Video Version: How Neural Networks Are Implemented (Part 3 Upper)

Video Version: How Neural Networks Are Implemented (Part 3 Lower)

Section 3: How Neural Networks Are Trained

Xiao Ming heard Dr. Ai introduce that a neural network can recognize different things by training on different data. He was amazed and curiously asked Dr. Ai: “Dr. Ai, could you explain how neural networks are trained?”

Dr. Ai appreciated Xiao Ming’s curiosity and said: “Sure, let’s begin to introduce how neural networks are trained. Xiao Ming, can you tell me how you recognize animals?”

Xiao Ming replied: “When I was a child, every time I saw a small animal, my mom would tell me what kind of animal it was. After seeing many, I gradually recognized these small animals. Is that how neural networks recognize animals too?”

Dr. Ai said: “Yes, neural networks also recognize animals through samples. Humans are smart; after seeing a cat once, they might recognize it as a cat next time. However, neural networks are a bit slow and need a large number of samples to be trained well. For example, if we want to build a neural network that can recognize both cats and dogs, we first need to collect a large number of photos of cats and dogs, including different breeds, sizes, and poses, and label which photos are cats and which are dogs, just like your mom tells you which is a cat and which is a dog. This is the first step in training a neural network; the more data, the better. In fact, we humans sometimes do the same thing; the saying ‘familiarity breeds understanding’ reflects this idea of broad exposure.

Once the data is prepared, the next step is training. Training involves adjusting the weights of the neural network so that when a cat photo is input, the output corresponding to the cat is close to 1, and the output for the dog is close to 0, while when a dog photo is input, the output for the dog is close to 1 and the output for the cat is close to 0.

Xiao Ming: “How is this achieved?”

Dr. Ai then asked Xiao Ming: “Do you take a bath every day? How do you adjust the temperature of the water heater?”

Xiao Ming looked at Dr. Ai in confusion, thinking, “I asked how neural networks are trained; why is he talking about bathing?” But since Dr. Ai asked, he had to answer: “It’s easy! The water heater has two knobs, one for hot water and one for cold water. If the water feels hot, I turn up the cold water; if it feels cold, I turn up the hot water.”

Dr. Ai asked again: “When the water feels hot, you can also turn down the hot water, and when it feels cold, you can turn down the cold water, right?”

Xiao Ming thought about it and replied: “Yes, there are different ways to adjust, and which one to adjust might depend on the amount of water. For example, if the water feels hot but the amount is large, I can reduce the hot water; if the amount is small, I can increase the cold water. In short, I need to adjust based on both water temperature and water amount.”

Dr. Ai saw that Xiao Ming finally got to the point. After confirming his statement, he added: “There is also the issue of adjustment size. If the difference between the water temperature and your ideal temperature is large, you can adjust the valve more significantly; if the difference is small, you adjust it less. After multiple adjustments, you can achieve a more ideal water temperature and amount.”

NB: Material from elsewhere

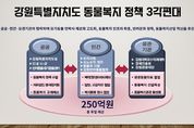 [ 중앙뉴스미디어 ] 강원특별자치도는 2월 20일 오후 2시 강릉에 위치한 도 반려동물지원센터에서 ‘강원형 동물복지 정책’을 발표하고, 복지‧의료‧산업‧관광을 아우르는 4대 전략을 본격 추진한다고 밝혔다. - 이번 정책은 반려동물 양육이 일상화된 사회 변화에 대응해 공공의 역할을 강화하기 위해 마련됐다. 현재 전국 반려 가구는 591만 가구로 전체 가구의 25% 이상을 차지하고 있으며, 반려동물(개‧고양이)은 약 800만 마리 수준으로 추산된다. - 이 자리에는 김진태 도지사를 비롯해 강원경제진흥원, 강원관광재단, 도수의사회장, 강원대 수의과대학장, 군견훈련소 교관, 강릉 주민, 강릉동물보호센터장 등 각계 전문가와 현장 관계자들이 참석했다. 참석자들은 정책 방향을 공유하고 반려동물지원센터 공간 확대 필요성, 입양 이후 보호자와 유기견을 위한 교육‧관리 지원 강화 방안 등 다양한 의견이 논의됐다. 김진태 지사는 “동물복지를 하나의 정책 아젠다로 삼아 보다 체계적으로 추진하려고 한다”며, “이를 위해 각 기관과 전문가들의 협력이 반드시 필요하다”고 밝혔다. 이어 “이곳 반려동물

Figure 1.9 Water Heater Adjustment Diagram

Figure 1.10 The Water Heater Can Be Represented as a Neural Network

Dr. Ai said to Xiao Ming: “We can abstract the water heater as shown in Figure 1.10. Do you see that this is a neural network?”

Xiao Ming tapped his little head and said: “I finally understand! This is indeed a neural network. The two inputs are hot water and cold water, the sizes of the hot and cold water valves correspond to the weights, and the point where the hot and cold water converge is equivalent to a weighted sum. Finally, the water coming out of the showerhead corresponds to the two outputs: one for water temperature and one for water amount.”

So, is adjusting the hot and cold water valves equivalent to training? Xiao Ming tilted his head and asked.

Dr. Ai replied: “Exactly. When adjusting the water valves, you can adjust them to a larger or smaller extent, which is the direction of adjustment. You can also adjust a lot at once or just a little, which is the size of the adjustment. Additionally, you can decide which valve to adjust or whether to adjust both, but the size and direction might differ.”

Xiao Ming exclaimed: “I didn’t expect that such a simple task of adjusting the bathwater could have so much knowledge behind it. So how is this idea applied to training neural networks?”

Dr. Ai said: “Before we discuss how to train a neural network, we should first talk about how to evaluate whether a neural network has been trained well. This is closely related to training a neural network. In the previous example with the water heater, under what circumstances would you consider the water heater to be adjusted well?”

Xiao Ming replied: “If I think the water temperature and amount are about what I want, I would consider it adjusted well.”

Dr. Ai said: “Exactly. But for a computer, what does ‘about’ mean? There needs to be a measurement standard. For example, we can use Understanding Neural Network Training: A Comprehensive Guide to represent the desired water temperature, to represent the actual water temperature, to represent the desired water amount, and to represent the actual water amount. This way, we can use the error between the desired value and the actual value to measure whether they are “about the same.” When the error is small, we consider that the water temperature and amount have been adjusted well. However, since the error can be positive (when the actual value is less than the desired value) or negative (when the actual value is greater than the desired value), it is inconvenient to use, so we often use the “sum of squared errors” as the measurement standard. It is expressed as follows:

Understanding Neural Network Training: A Comprehensive Guide

Where E is a function of the valve sizes. By appropriately adjusting the sizes of the cold and hot water valves, we can make E obtain a relatively small value. When E is small, we consider that the water heater is adjusted well. Here, the “valve” corresponds to the weights w of the neural network.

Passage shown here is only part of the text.